| Aim of the task |
Pictures stay out of the copy, and everything else in the data below is repeated exactly.

| Recorded data |

────────

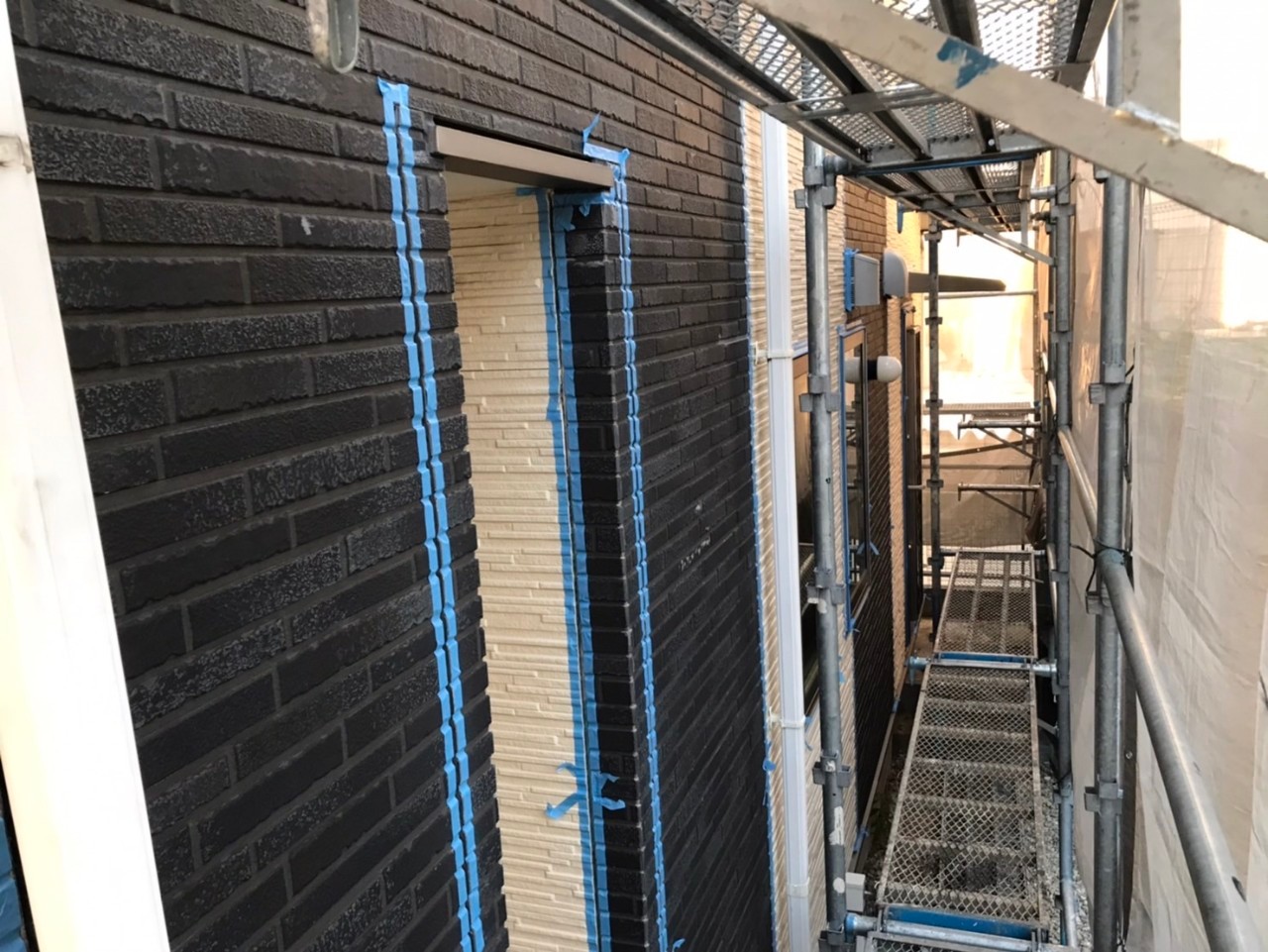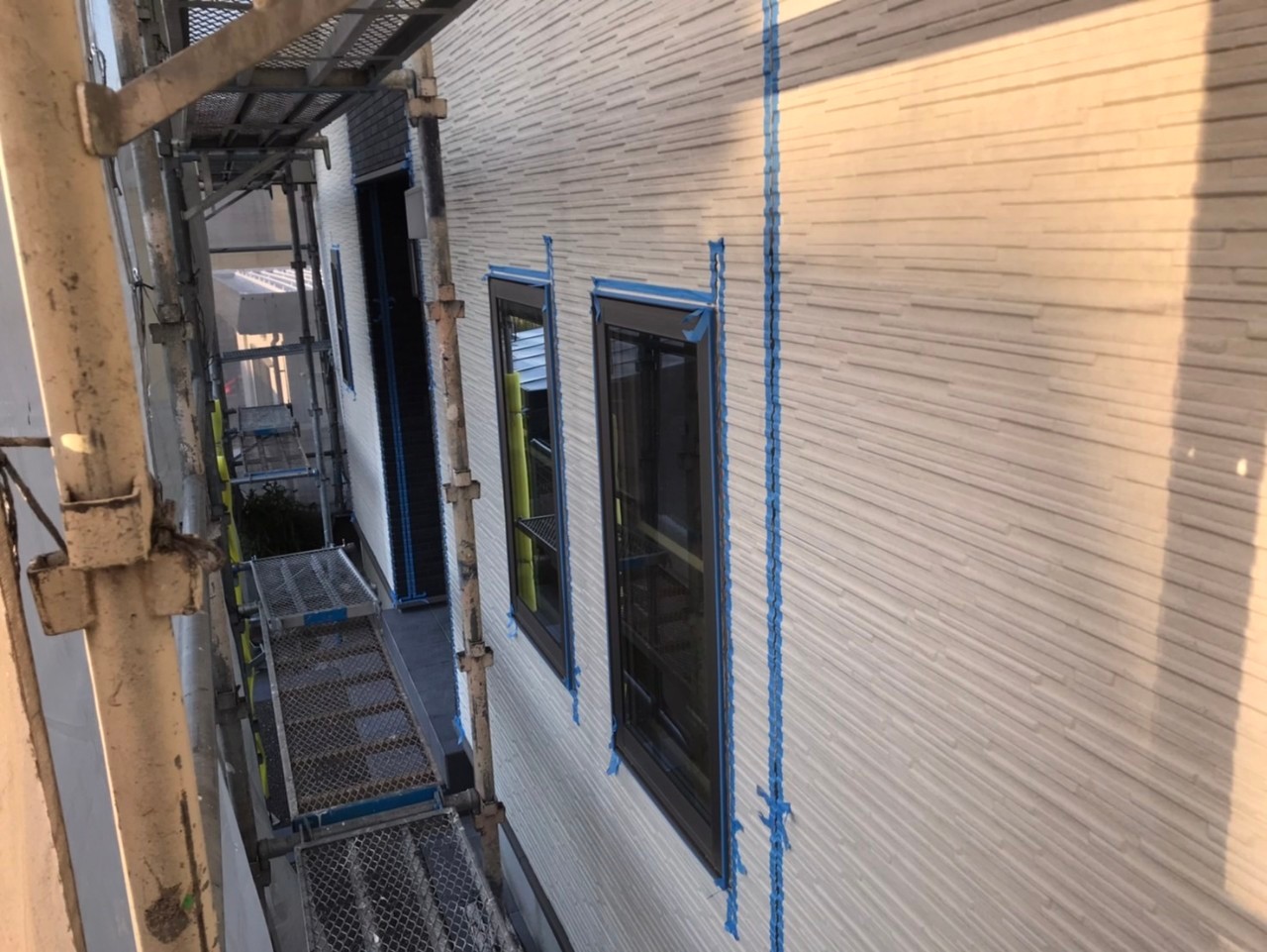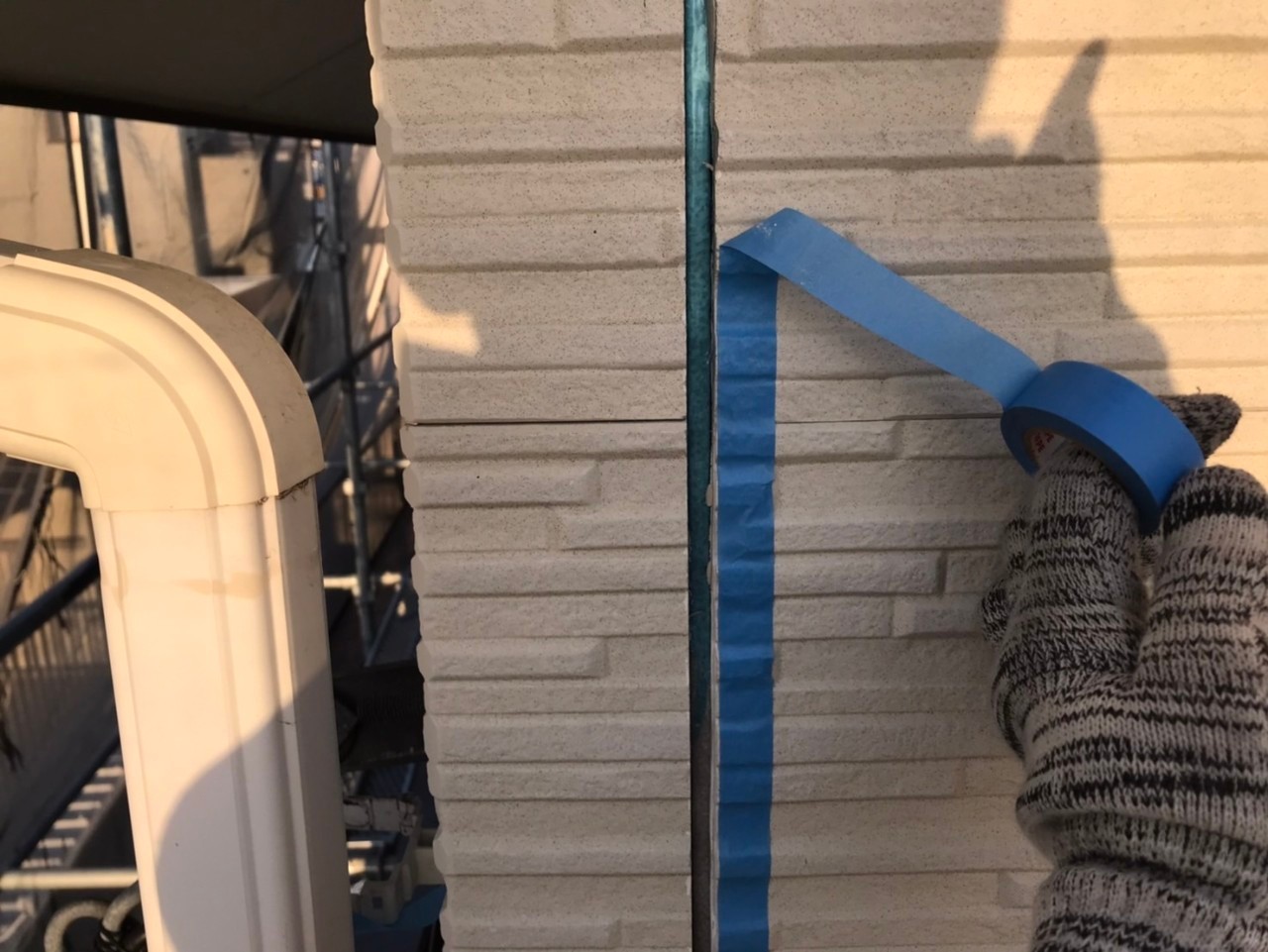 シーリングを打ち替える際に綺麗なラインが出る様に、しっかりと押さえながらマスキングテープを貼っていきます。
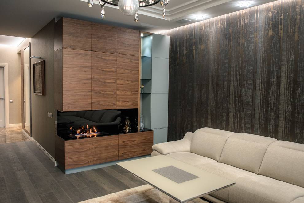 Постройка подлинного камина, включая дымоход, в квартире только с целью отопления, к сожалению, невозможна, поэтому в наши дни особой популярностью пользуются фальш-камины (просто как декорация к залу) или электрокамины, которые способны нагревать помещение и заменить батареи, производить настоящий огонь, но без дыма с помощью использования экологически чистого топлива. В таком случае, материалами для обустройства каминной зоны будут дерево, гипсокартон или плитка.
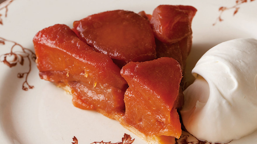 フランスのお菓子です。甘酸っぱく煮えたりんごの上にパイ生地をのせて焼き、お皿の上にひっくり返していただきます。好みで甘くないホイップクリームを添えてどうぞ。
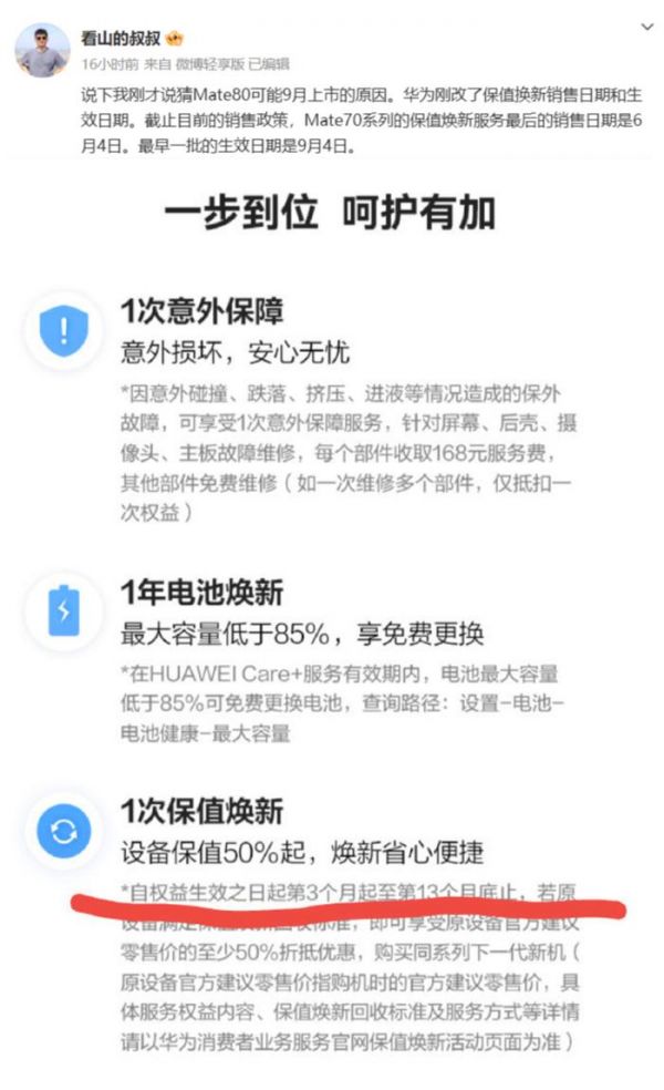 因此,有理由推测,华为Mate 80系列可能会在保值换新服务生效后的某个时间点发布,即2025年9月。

────────

| Response to this exercise |
 シーリングを打ち替える際に綺麗なラインが出る様に、しっかりと押さえながらマスキングテープを貼っていきます。
 Постройка подлинного камина, включая дымоход, в квартире только с целью отопления, к сожалению, невозможна, поэтому в наши дни особой популярностью пользуются фальш-камины (просто как декорация к залу) или электрокамины, которые способны нагревать помещение и заменить батареи, производить настоящий огонь, но без дыма с помощью использования экологически чистого топлива. В таком случае, материалами для обустройства каминной зоны будут дерево, гипсокартон или плитка.
 フランスのお菓子です。甘酸っぱく煮えたりんごの上にパイ生地をのせて焼き、お皿の上にひっくり返していただきます。好みで甘くないホイップクリームを添えてどうぞ。
 因此,有理由推测,华为Mate 80系列可能会在保值换新服务生效后的某个时间点发布,即2025年9月。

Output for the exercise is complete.